**Source data**
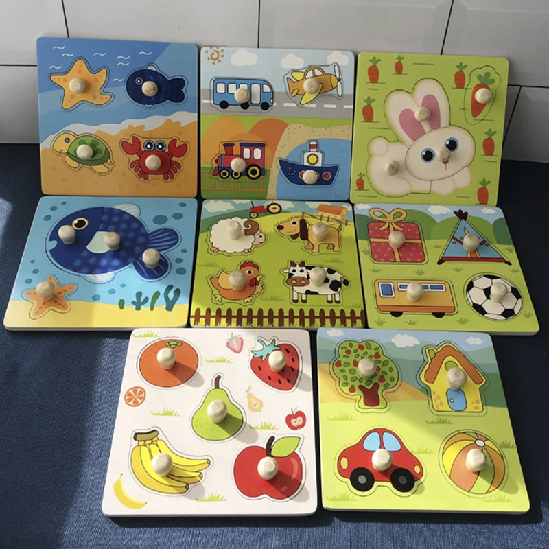 Детская Доска для захвата рук, 3D пазл, деревянные игрушки для детей, Мультяшные животные, деревянные пазлы для малышей, детские развивающие Игрушки для раннего обучения
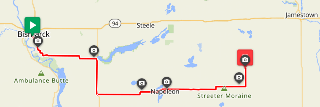 My original routes through ND were to Jamestown and Fargo along I-94, and then turn south to Fergus Falls, MN. I decided to take a short cut and go to Fergus Falls directly. This required me to go through a very remote areas with few towns far apart from each other. Peter went through this and gave me some advice.
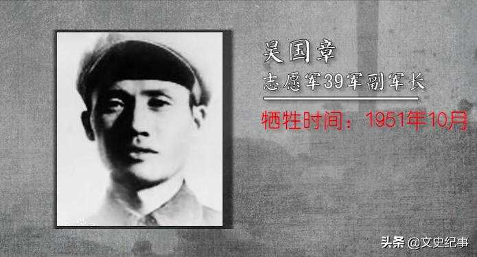 第7位:吴国璋,志愿军第39军副军长,安徽省金寨人,1951年10月的6号,他乘坐吉普车从平壤总部开会返回军部,途径成川郡附近时,遭遇美军战机轰炸,其左肋负伤,后壮烈牺牲,年仅32岁。
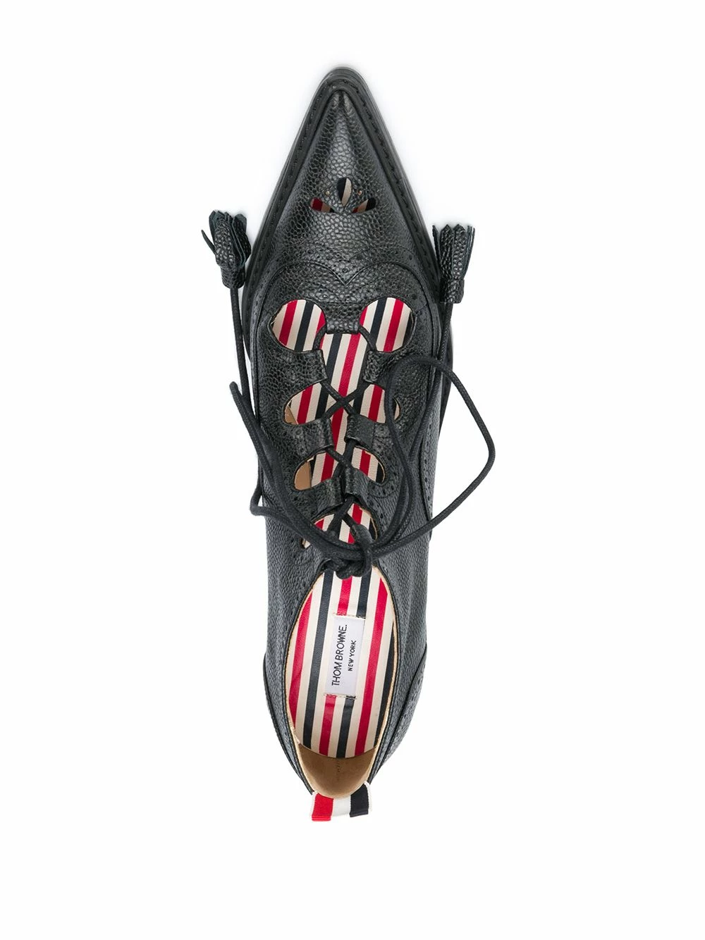 Brogue… but make it fashion. The Ghillie pumps from Thom Browne add an exciting twist to your traditional brogue silhouette by sitting on a curved high heel and boasting a lace-up front fastening. One of a kind.
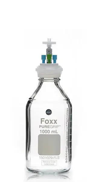 ChromCap™ 300 HPLC Solvent Reservoir System with VersaCap® GL45 and 1 L (1,000 mL) Clr. Glass Reagent Bottle, Class VI PTFE Adapter & Safety Air Inlet Valve, Four (4x) Ports- OD Tubing 3.2mm (1/8″) or 1.6 mm (1/16″), 1/EA
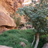 Jordan. Wadi Rum, Ain Shallaleh, local youth in the background, tree and bushes in the foreground
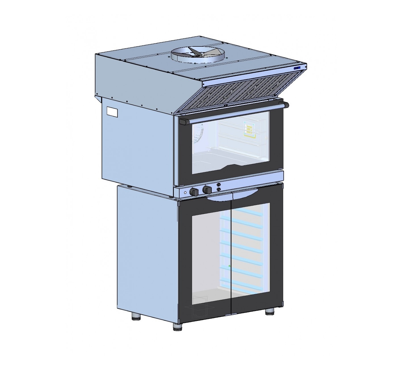 Зонт фиксируется с помощью уголков и болтов М5 к задней стенке конвекционной печи (предварительно нужно совместить трубку вывода пара с приемной трубой зонта и соединить их резиновым патрубком и хомутами).

**Exercise directions**
Using the material above, transcribe exactly the lines from the one holding "My original routes" to the one holding "Jordan. Wadi Rum, Ain", both ends kept. Do not carry over any pictures.

**Exercise response**
 My original routes through ND were to Jamestown and Fargo along I-94, and then turn south to Fergus Falls, MN. I decided to take a short cut and go to Fergus Falls directly. This required me to go through a very remote areas with few towns far apart from each other. Peter went through this and gave me some advice.
 第7位:吴国璋,志愿军第39军副军长,安徽省金寨人,1951年10月的6号,他乘坐吉普车从平壤总部开会返回军部,途径成川郡附近时,遭遇美军战机轰炸,其左肋负伤,后壮烈牺牲,年仅32岁。
 Brogue… but make it fashion. The Ghillie pumps from Thom Browne add an exciting twist to your traditional brogue silhouette by sitting on a curved high heel and boasting a lace-up front fastening. One of a kind.
 ChromCap™ 300 HPLC Solvent Reservoir System with VersaCap® GL45 and 1 L (1,000 mL) Clr. Glass Reagent Bottle, Class VI PTFE Adapter & Safety Air Inlet Valve, Four (4x) Ports- OD Tubing 3.2mm (1/8″) or 1.6 mm (1/16″), 1/EA
 Jordan. Wadi Rum, Ain Shallaleh, local youth in the background, tree and bushes in the foreground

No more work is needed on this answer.